- _Exercise aim_
Exclude images; transcribe the rest of the data exactly.
**** Exercise data ****
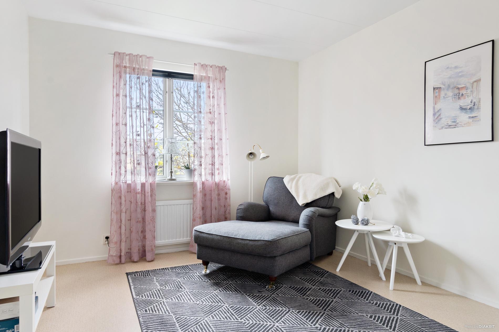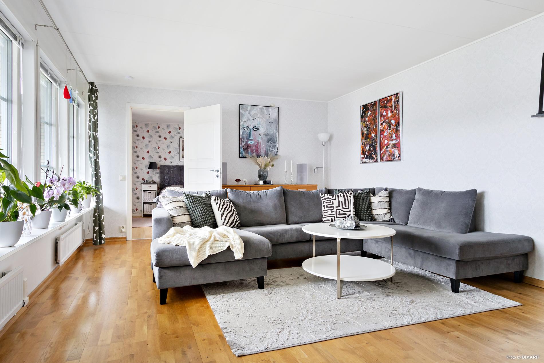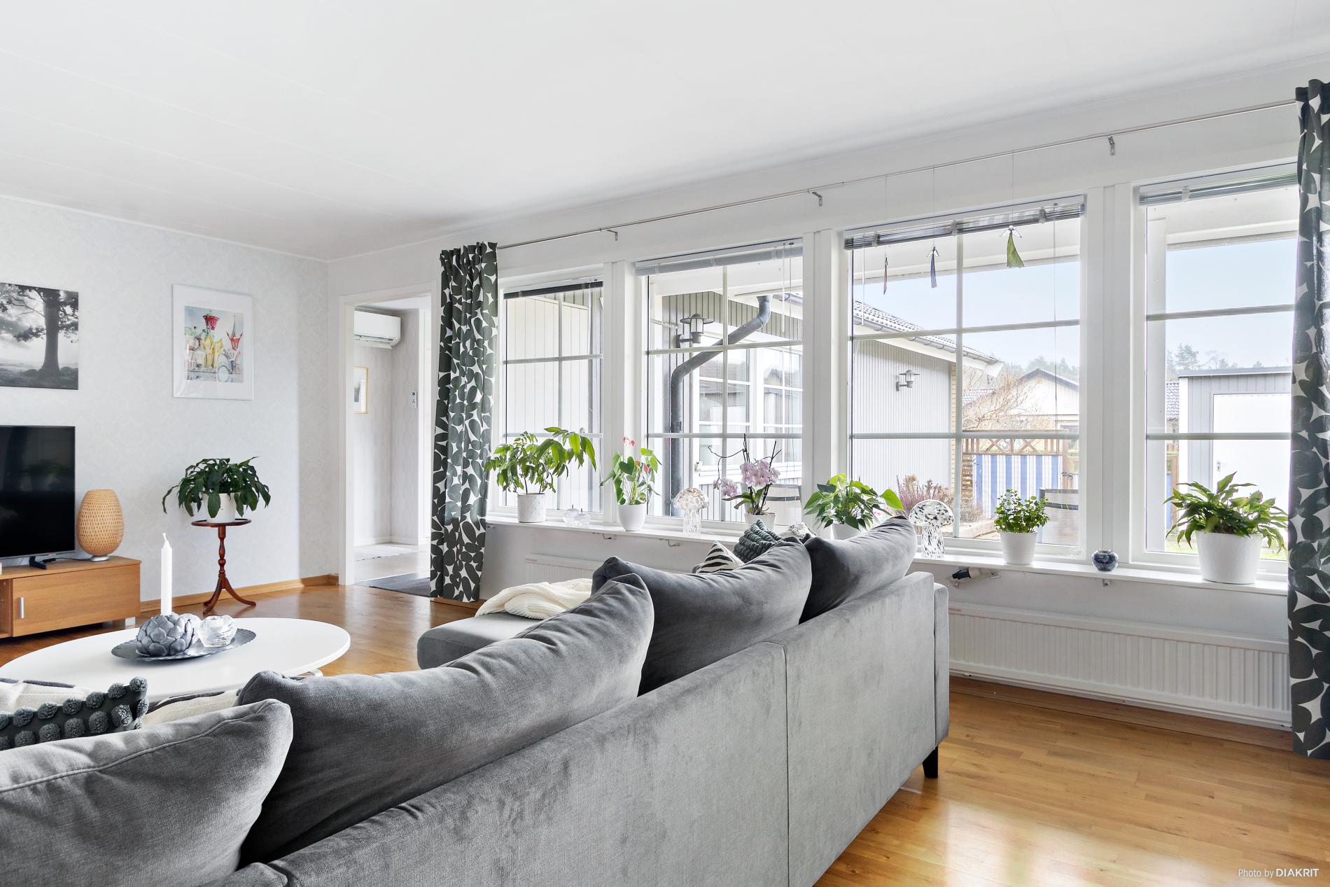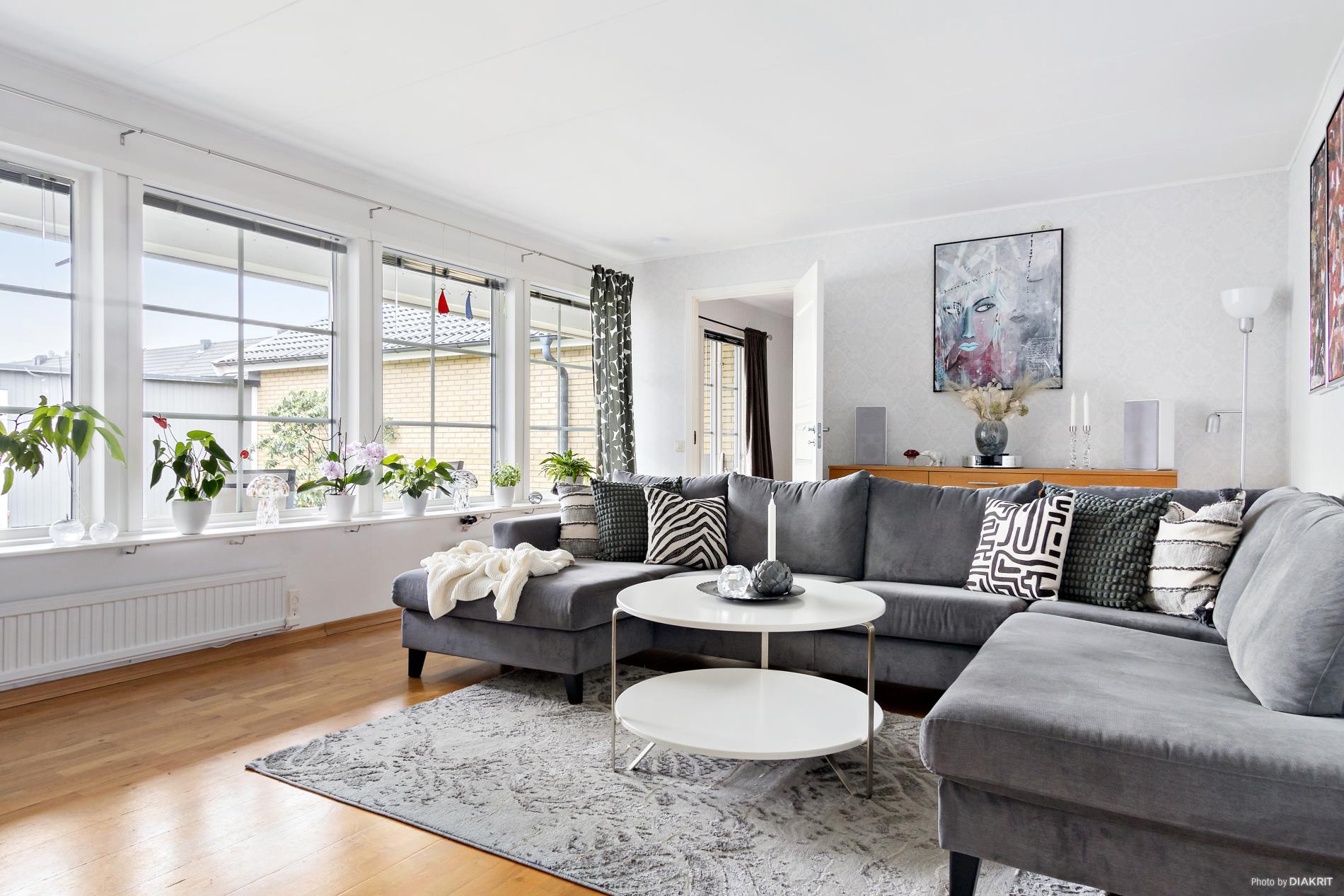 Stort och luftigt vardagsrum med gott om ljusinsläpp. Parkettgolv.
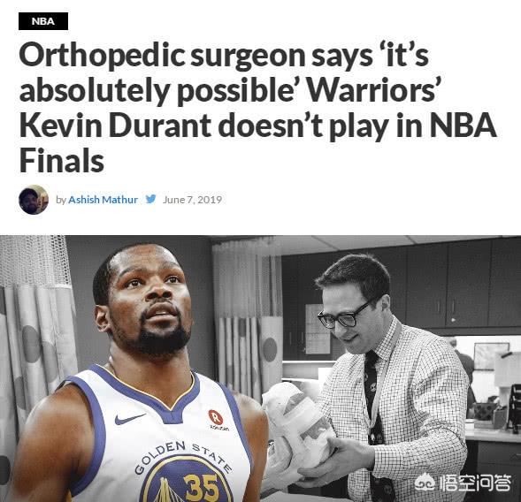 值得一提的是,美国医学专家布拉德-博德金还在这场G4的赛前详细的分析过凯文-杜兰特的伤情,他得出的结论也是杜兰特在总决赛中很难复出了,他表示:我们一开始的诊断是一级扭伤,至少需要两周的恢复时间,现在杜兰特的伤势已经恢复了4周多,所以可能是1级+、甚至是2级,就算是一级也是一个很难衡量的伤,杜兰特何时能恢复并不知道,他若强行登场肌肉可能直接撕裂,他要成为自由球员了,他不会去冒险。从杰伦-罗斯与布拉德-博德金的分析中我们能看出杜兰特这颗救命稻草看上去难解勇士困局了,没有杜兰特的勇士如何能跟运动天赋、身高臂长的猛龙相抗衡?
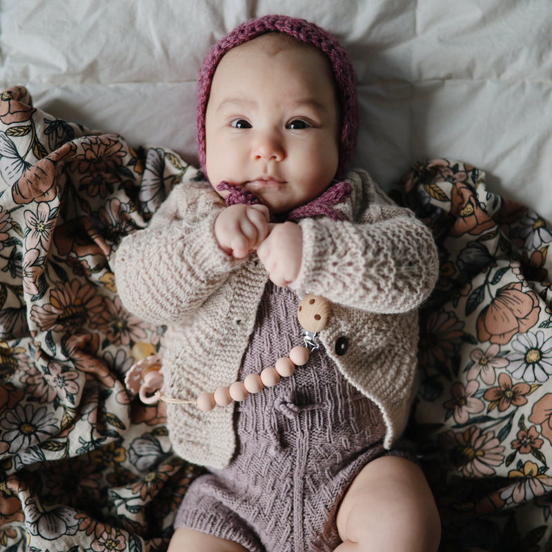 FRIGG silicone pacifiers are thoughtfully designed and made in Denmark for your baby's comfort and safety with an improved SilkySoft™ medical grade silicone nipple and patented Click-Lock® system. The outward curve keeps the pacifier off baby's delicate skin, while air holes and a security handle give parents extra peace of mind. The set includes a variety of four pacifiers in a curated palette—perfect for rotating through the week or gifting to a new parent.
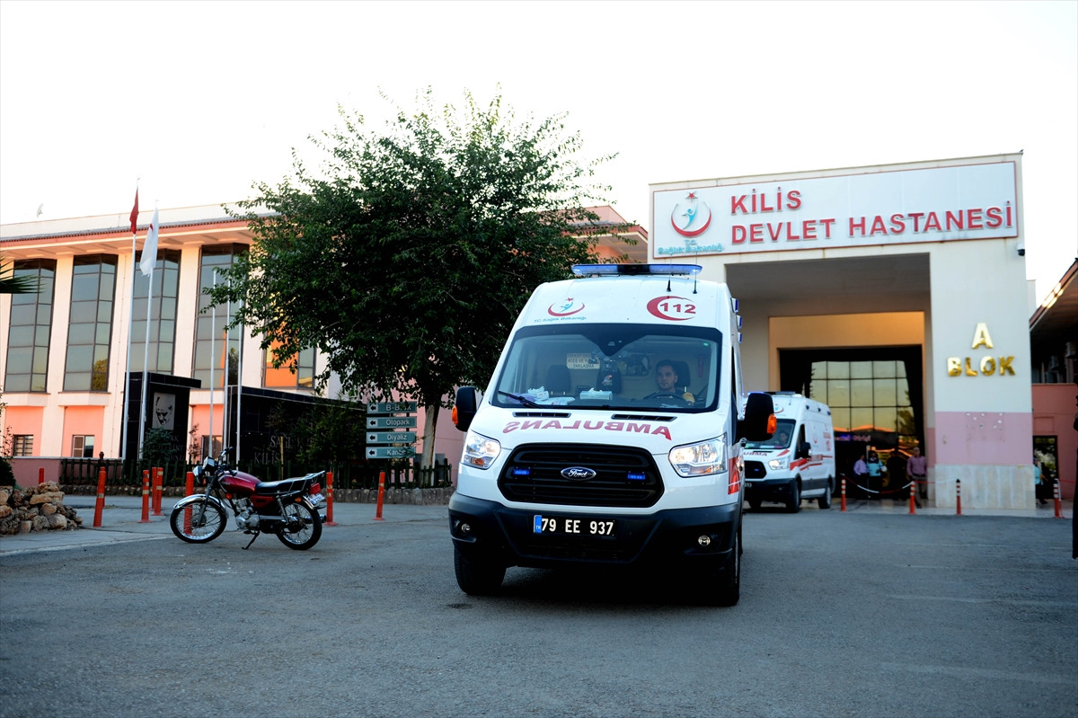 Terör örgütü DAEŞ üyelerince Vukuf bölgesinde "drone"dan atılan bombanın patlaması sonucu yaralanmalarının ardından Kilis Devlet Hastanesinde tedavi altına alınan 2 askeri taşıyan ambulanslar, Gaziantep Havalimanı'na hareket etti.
****
- _Result of this exercise_
 Stort och luftigt vardagsrum med gott om ljusinsläpp. Parkettgolv.
 值得一提的是,美国医学专家布拉德-博德金还在这场G4的赛前详细的分析过凯文-杜兰特的伤情,他得出的结论也是杜兰特在总决赛中很难复出了,他表示:我们一开始的诊断是一级扭伤,至少需要两周的恢复时间,现在杜兰特的伤势已经恢复了4周多,所以可能是1级+、甚至是2级,就算是一级也是一个很难衡量的伤,杜兰特何时能恢复并不知道,他若强行登场肌肉可能直接撕裂,他要成为自由球员了,他不会去冒险。从杰伦-罗斯与布拉德-博德金的分析中我们能看出杜兰特这颗救命稻草看上去难解勇士困局了,没有杜兰特的勇士如何能跟运动天赋、身高臂长的猛龙相抗衡?
 FRIGG silicone pacifiers are thoughtfully designed and made in Denmark for your baby's comfort and safety with an improved SilkySoft™ medical grade silicone nipple and patented Click-Lock® system. The outward curve keeps the pacifier off baby's delicate skin, while air holes and a security handle give parents extra peace of mind. The set includes a variety of four pacifiers in a curated palette—perfect for rotating through the week or gifting to a new parent.
 Terör örgütü DAEŞ üyelerince Vukuf bölgesinde "drone"dan atılan bombanın patlaması sonucu yaralanmalarının ardından Kilis Devlet Hastanesinde tedavi altına alınan 2 askeri taşıyan ambulanslar, Gaziantep Havalimanı'na hareket etti.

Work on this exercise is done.